All lines from the one that contains "1901 - 40 cent." through the close of the entries below are to be repeated exactly, without any pictures.

········

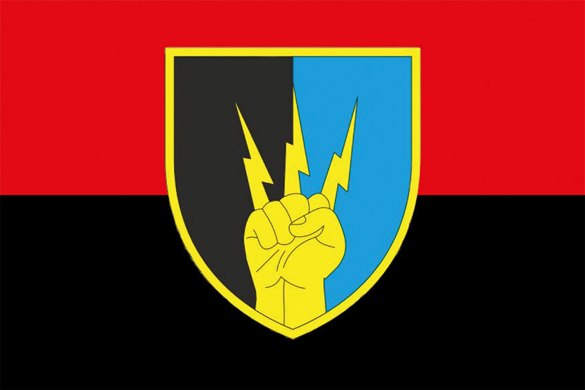 Прапор 76 ОПЗ та РТЗ (окремого полку зв’язку та радіотехнічного забезпечення) імені В’ячеслава Чорновола ЗСУ червоно-чорний
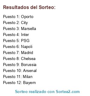 Lista de participantes: Marsella, Borussia, Milan, PSG, Napoli, Inter, Bayern, Arsenal, Oporto, Madrid, Chelsea, City.
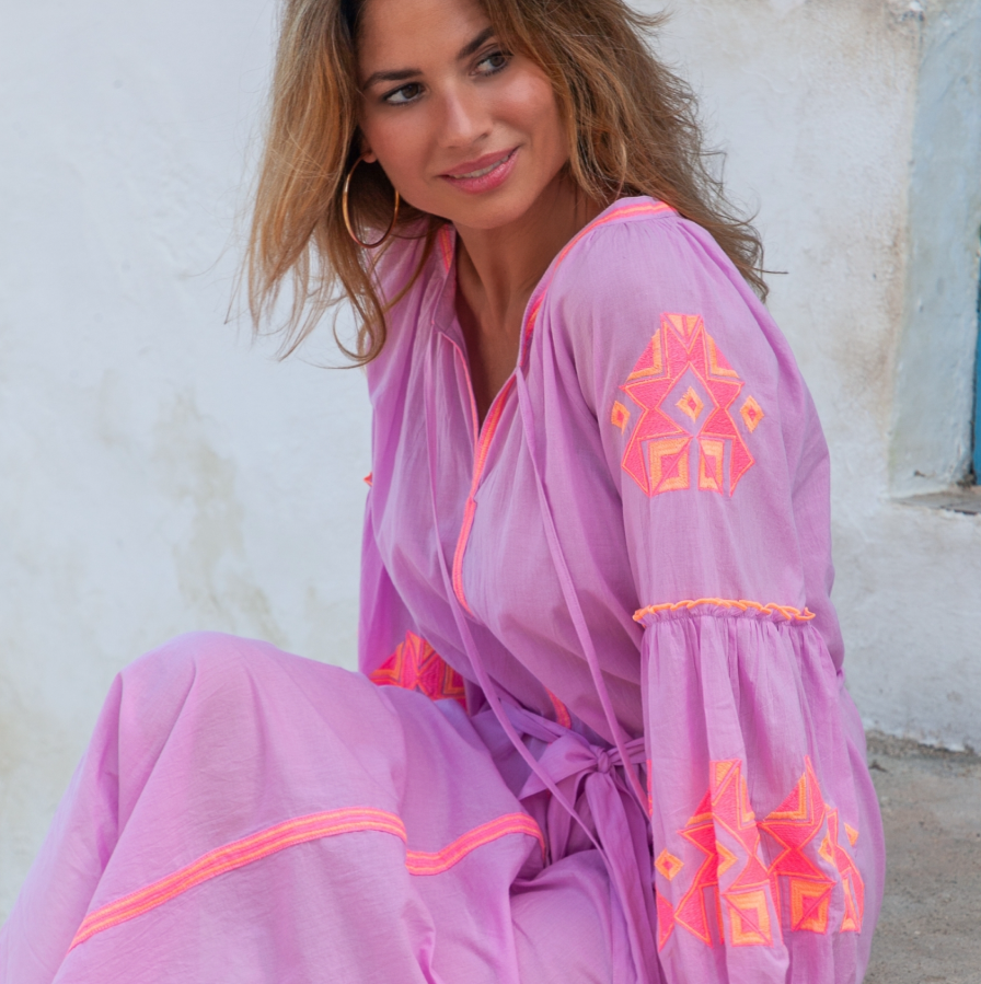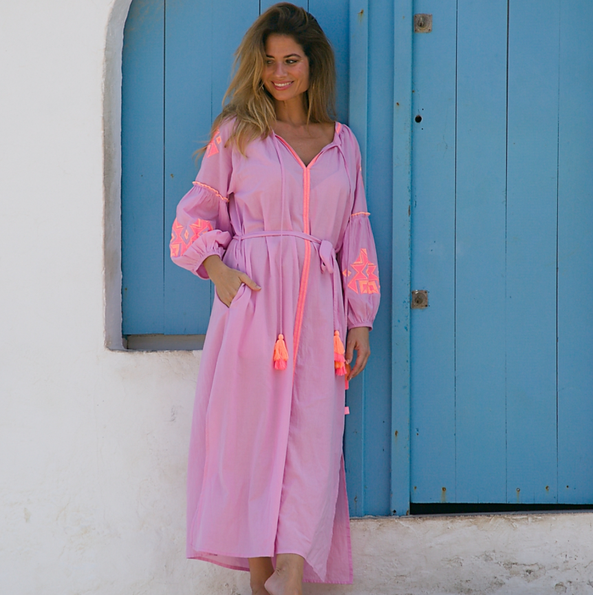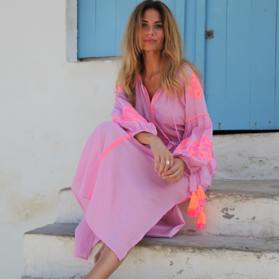 Abito Mini "Pipa" in Tessuto Leggero con Ricami Fluò e Nappe – Rosa
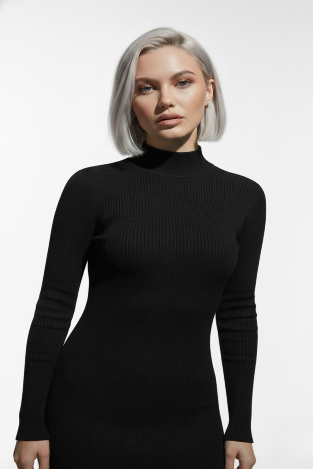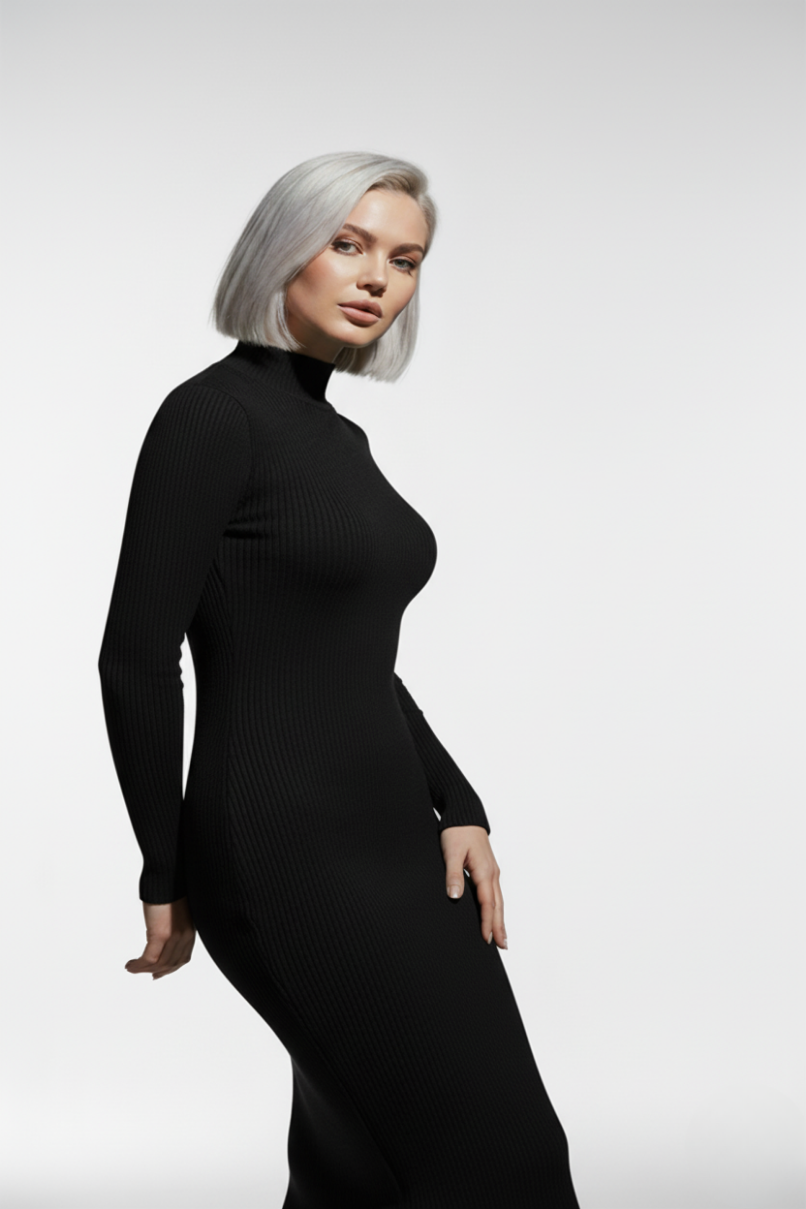 Kadın Balıkçı Yaka Siyah Uzun Elbise, zarafetin, asaleti ve sade şıklığın mükemmel birleşimi! Balıkçı yaka detayı, modern ve sofistike bir duruş kazandırırken, uzun kesimiyle zarif bir siluet oluşturur. Siyah rengin zamansız asaleti, hem günlük kombinlerde hem de özel davetlerde güçlü bir tarz ortaya koyar. Yumuşak kumaşıyla konforu, sade tasarımıyla da zarafeti bir araya getiren bu elbise, stil sahibi kadınların favorisi olacak!
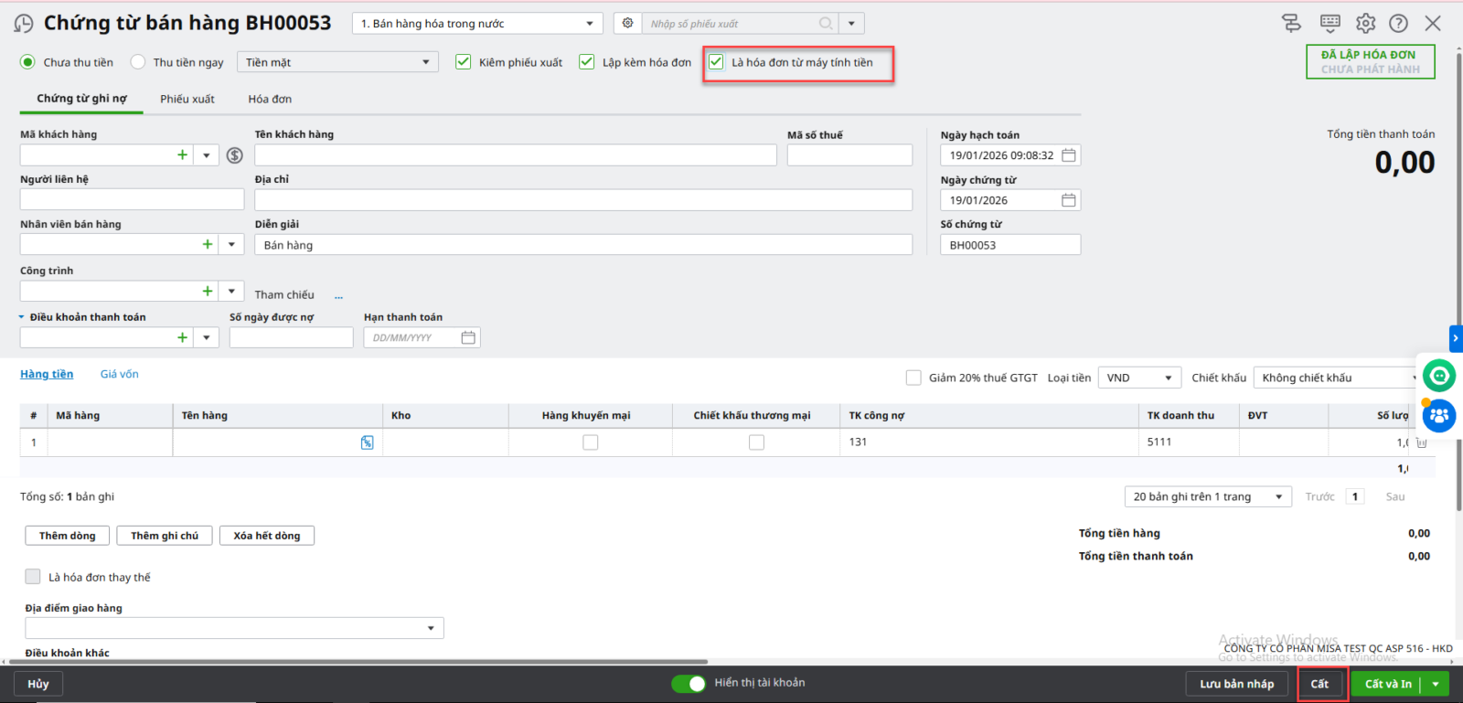 Trường hợp 1: Phát hành từng hóa đơn từ máy tính tiền
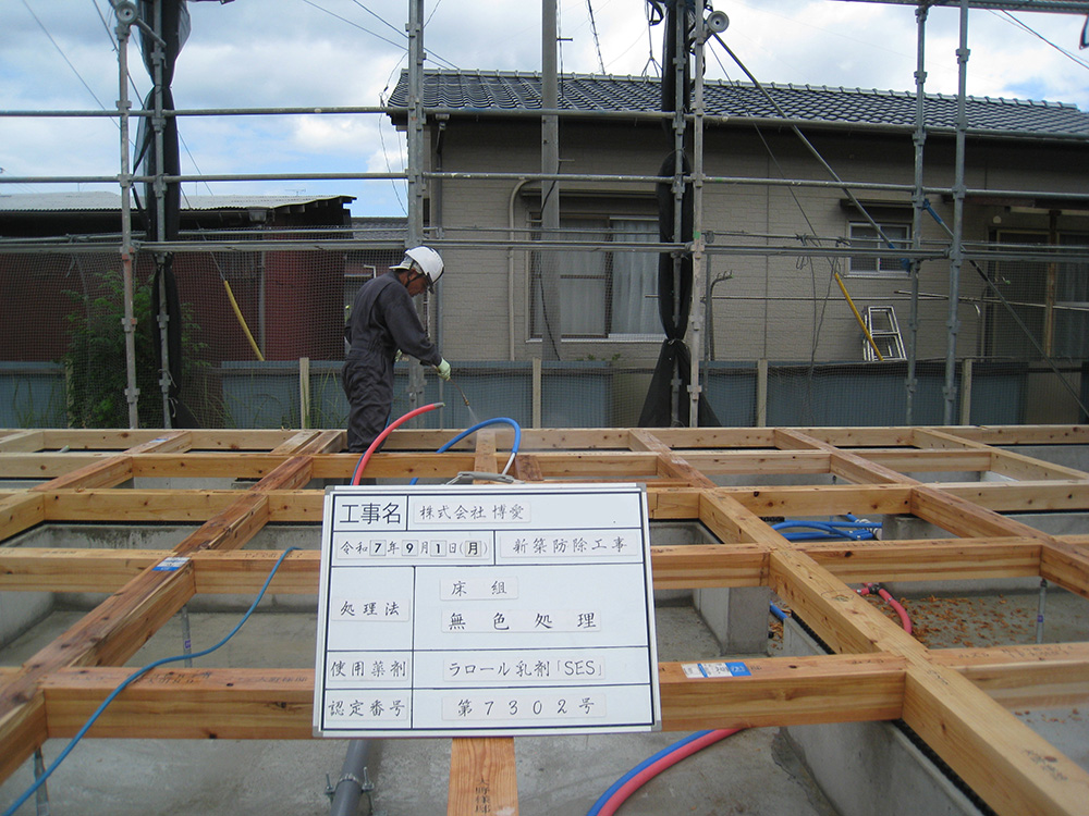 こちらは土台防蟻の様子になります。大引や土台の木材に直接薬剤を散布してシロアリが侵食しないように防ぎます。博愛では2段階目の防蟻処理になります。
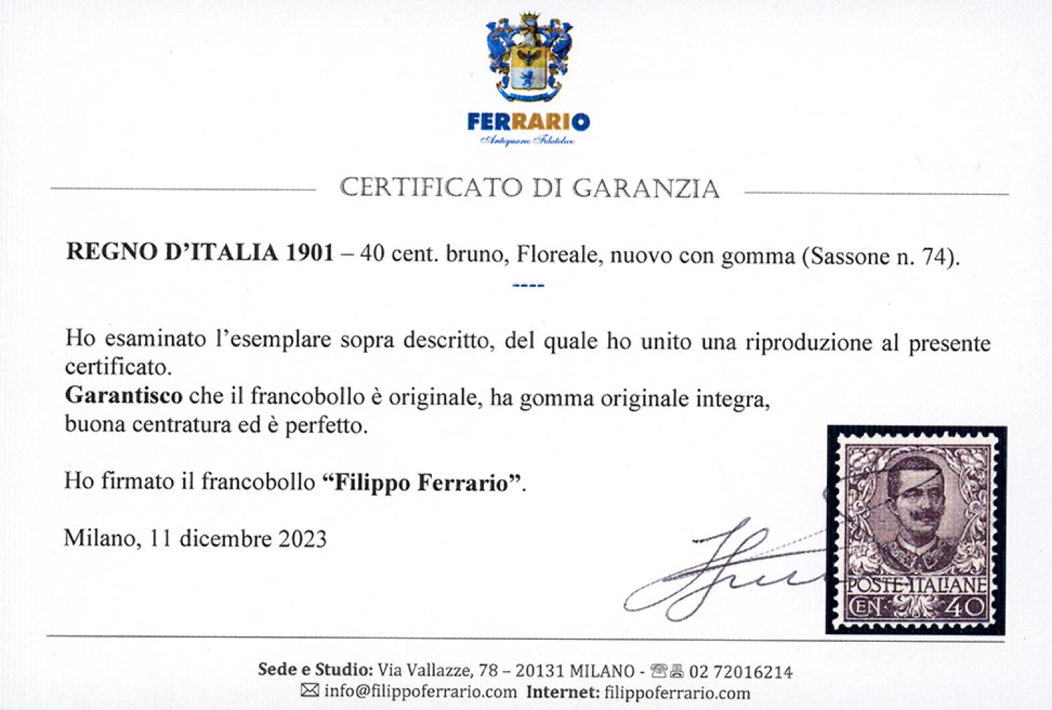 1901 - 40 cent. Floreale (74), ben centrato, gomma originale integra, perfetto e molto fresco. A.Diena, Raybaudi, cert. Ferrario.
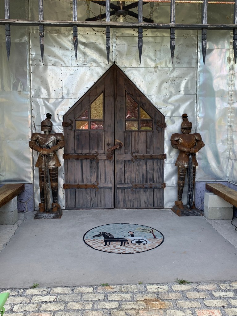 We were not allowed to photograph anything inside. Don’t ask me why. But here’s what I can tell you: Solomon wrote the script the tour guides were supposed to follow and it included a joke for almost every item we were shown. The first 5 were funny; after that, they became trite. I’ll give you two examples. There was a scrap metal car he’d created that had two bonnets (no trunk section) and the joke was that you’d never have to worry about a backseat driver, and you’d always know where you’d been.
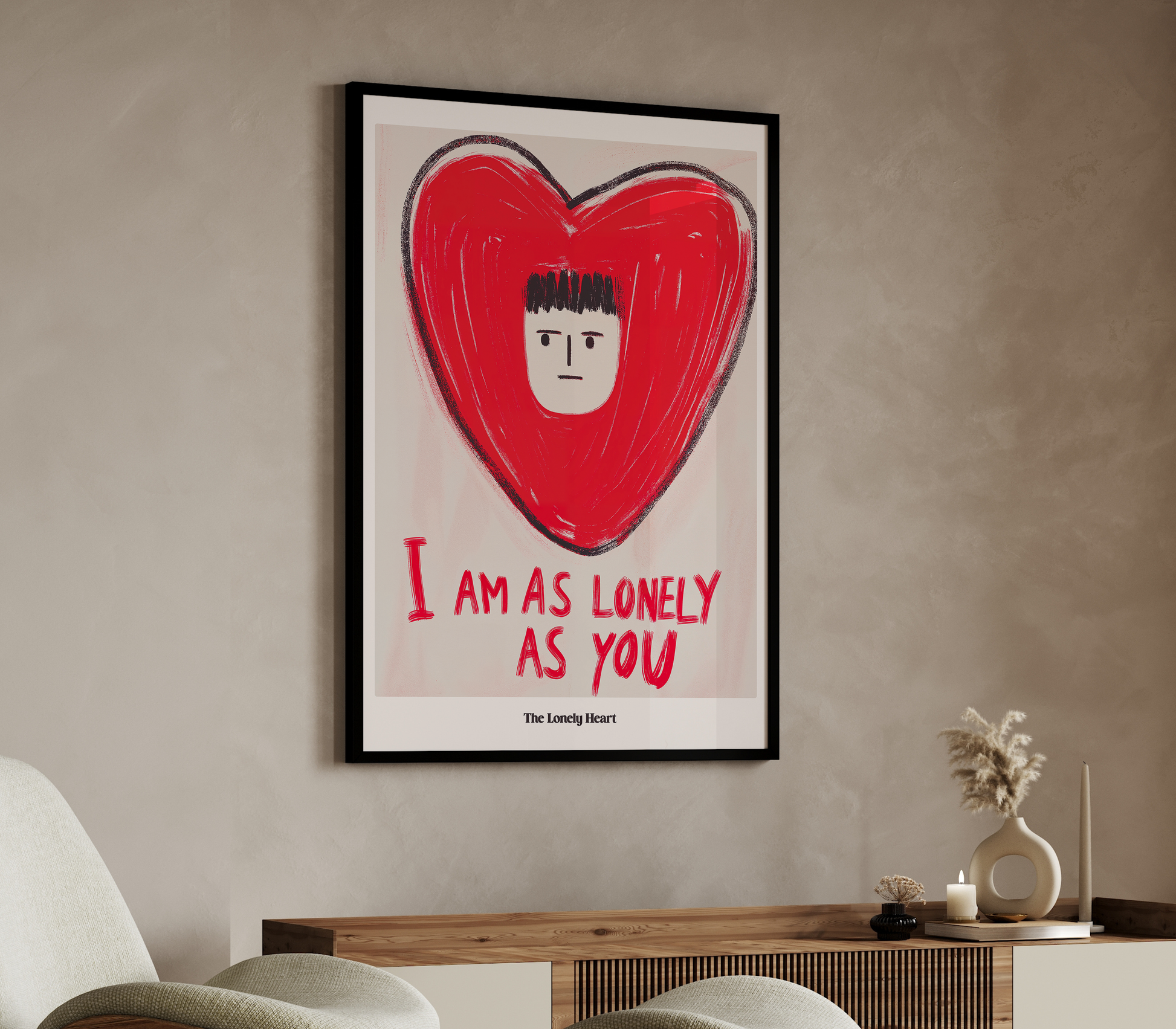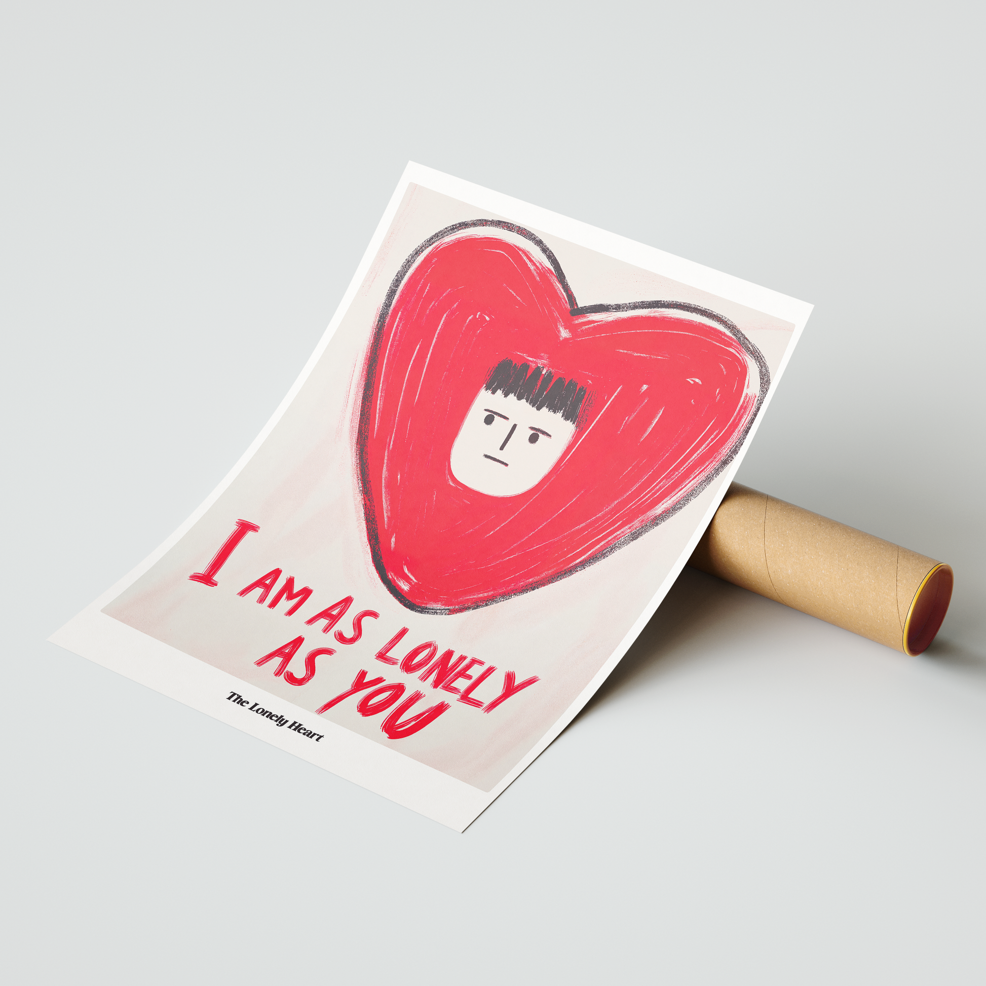Channel vulnerability and connection with "The Lonely Heart: I Am As Lonely As You," a raw and honest art print from the Dopamine Gallery collection. This minimalist illustration features a solitary face inside a bold, hand-drawn red heart, paired with the touching message: “I am as lonely as you.” The artwork resonates with universal feelings of solitude, empathy, and longing—making it deeply relatable and powerful. Perfect for bedrooms, reading corners, or spaces where introspection and honesty are welcome, "The Lonely Heart" offers comfort and solidarity, reminding us that even in loneliness, we’re never truly alone. Uplifting yet poignant, it’s a standout piece for art lovers who appreciate emotional truth.

········

*ANSWER TO THIS TASK*.
 1901 - 40 cent. Floreale (74), ben centrato, gomma originale integra, perfetto e molto fresco. A.Diena, Raybaudi, cert. Ferrario.
 We were not allowed to photograph anything inside. Don’t ask me why. But here’s what I can tell you: Solomon wrote the script the tour guides were supposed to follow and it included a joke for almost every item we were shown. The first 5 were funny; after that, they became trite. I’ll give you two examples. There was a scrap metal car he’d created that had two bonnets (no trunk section) and the joke was that you’d never have to worry about a backseat driver, and you’d always know where you’d been.
Channel vulnerability and connection with "The Lonely Heart: I Am As Lonely As You," a raw and honest art print from the Dopamine Gallery collection. This minimalist illustration features a solitary face inside a bold, hand-drawn red heart, paired with the touching message: “I am as lonely as you.” The artwork resonates with universal feelings of solitude, empathy, and longing—making it deeply relatable and powerful. Perfect for bedrooms, reading corners, or spaces where introspection and honesty are welcome, "The Lonely Heart" offers comfort and solidarity, reminding us that even in loneliness, we’re never truly alone. Uplifting yet poignant, it’s a standout piece for art lovers who appreciate emotional truth.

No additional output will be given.